During this time, we would also set our formations for the week. We got to the point where we were not signalling in formations, only the play concept. This was a huge factor in use going faster. So on Sunday we would have a chart and run through all of our personnel groups and by concept and match it with the formation/motion we wanted it paired with that week. So if we were in our 11 personnel group (1 back, 1 H, 1 slot, 2 WR) we would start with POWER. The H was always gonna align to the side of the power. He was our kick guy. Some weeks the back would align same side, some weeks the back would align opposite side. This is where our self scout came into play. If we wanted to try and bust some tendencies, we would mix things up. On our counter play, some weeks we would pull the backside guard and tackle (the H could align strong or weak), some weeks we would pull the guard and H.....it just depended on what picture we were trying to distort to the defense, and so on and so on with all of our schemes (buck sweep, inside zone, outside zone). We would get funky and go WR over sometimes if we thought it would get us an advantage. Often times, we would tell our slot that he was to align to the "fastest side" meaning if the previous play took you to the right, then get your tail lined up on that side for the next play. With our normal personnel groups, we were not trying to get pull reads so we were not overly concerned about the conflict player on the backside so just get lined up as fast as possible, whether it be front side or back side.

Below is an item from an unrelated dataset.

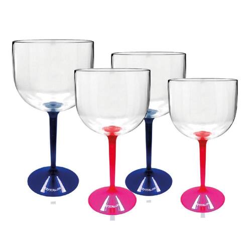 Kit 4 Taças Gin Bicolor Azul E Rosa Acrílico Ps A Taça Gin de Poliestireno Liso com Base colorida da KrystalON é perfeita para bebidas mais refinadas é resistente e durável, seja na sua festa, evento ou bar a Taça Gin da KrystalON sempre mantem seu estilo. Especificações: Material: Poliestireno Acrílico PS , Altura: 20 cm, Diâmetro: 10 cm, Capacidade: 550 ml, Cor: 2 Copos Transparente com base Azul e 2 Copos Transparentes com Base Rosa, Quantidade: 4 Peças

When we were Wildcat, we would be a lot more specific with the slot because of pull reads and needed an extra hat backside, or expansion of the conflict defender. Our slot and our Wildcat QB (who ended up aligning as the slot) had both spent time as a QB in our program all the way up to the JV level. They had a very good understanding of what we were trying to get accomplished and it allowed us to move fast and be in a good position for our offense.
At 3:15, our OLINE coaches came back to us and we met as a complete offensive staff. We would communicate to those guys any information they needed to know about formations, and then we would discuss any changes or additions to the run game and get squared away with all protections. This was the last time we would meet as a group before Monday practice so it was imperative that we all left on the same page, seeing things through the same set of eyes. A good example of how we would clean things up at this point....one Sunday we had some great stuff drawn up on the board as skill guys. We tied it all together with protections and scheme. The OLINE guys come in, soak it all in, and then they let us know that we had just now drawn up six different pull paths and techniques for our guards. There was no way to effectively and efficiently practice six pull for our guards so we pencil whipped a couple of protections and got things down to a reasonable number for the OLINE.
We would break and eat as a staff after this meeting. After the meal, we were on our own to get our work done and be ready for Monday morning. I will go over practices and game plan add/deletes in a few days.